Asim Beg, Ph.D.
Our lab studies the molecular and cellular mechanisms underlying neuronal circuit assembly and function. We are particularly interested in understanding how the central nervous system controls movement from both physiological and behavioral perspectives.
Ken Inoki, M.D., Ph.D.
The Inoki lab studies the role of mammalian target of rapamycin (mTOR) signaling in the development of cancer and metabolic disorders such as diabetes using mouse models. Our lab also investigates the molecular mechanisms by which mTOR pathway is regulated by extra- and intracellular cues using cell biology, biochemical, and genetic approaches.
David Lombard, M.D., Ph.D.
Aging is a conserved but poorly understood biological phenomenon. In invertebrates, overexpression of sirtuins – homologs of the yeast Sir2 deacetylase – confers increased lifespan. Mammals possess seven sirtuins, called SIRT1-SIRT7. Many of these proteins modulate metabolic processes. Our group focuses on the mitochondrial sirtuin SIRT3 and the nuclear sirtuin SIRT6. We are attempting to elucidate links between these sirtuins and metabolism, cancer, and aging.
Carey Lumeng, M.D., Ph.D.
Our laboratory is interested in how inflammatory cells and pathways are activated in obesity and how this leads to diseases such as type 2 diabetes and metabolic syndrome. We utilize animal models, cell biology, and biochemistry techniques to understand how inflammatory cells in fat are recruited to adipose tissue and how this contributes to metabolic diseases. The lab is focused on understanding the biology of adipose tissue macrophages, a novel type of inflammatory cell that invades fat with obesity and alters the normal function of adipose tissue.

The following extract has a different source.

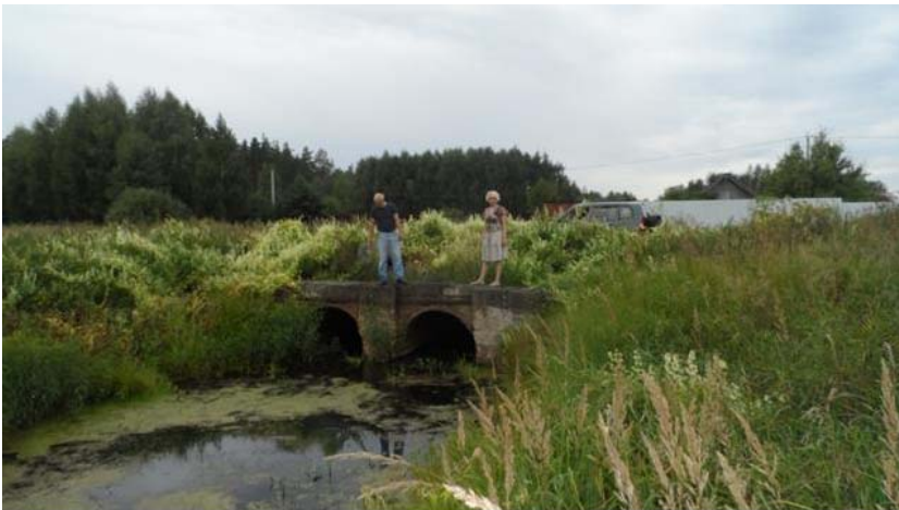
Fig. 3. General view of the section of the main canal and the concrete structure of the dismantled sluice.

Marina Pasca di Magliano, Ph.D.
My laboratory studies the formation and progression of pancreatic cancer. The onset of pancreatic cancer is characterized by activation of signaling pathways that are quiescent in the normal pancreas. We are in particular interested in the Hedgehog signaling pathway, that acts in a paracrine manner to mediate the interaction of tumor cells with their surrounding microenvironment (or tumor stroma). Our long-term goal is to target tumor-stroma interactions for the treatment of pancreatic cancer.
Bing Ye, Ph.D.
We study how distinct subcellular compartments are established in neurons and how this process contributes to the organization of the nervous system. We are particularly interested in the differential development between dendrites and axons and the strategic distribution of synapses in subcellular compartments. We employ a multi-disciplinary approach, including genetics, molecular biology, biochemistry, and advanced multi-dimensional imaging, to study these problems in both Drosophila and mammals.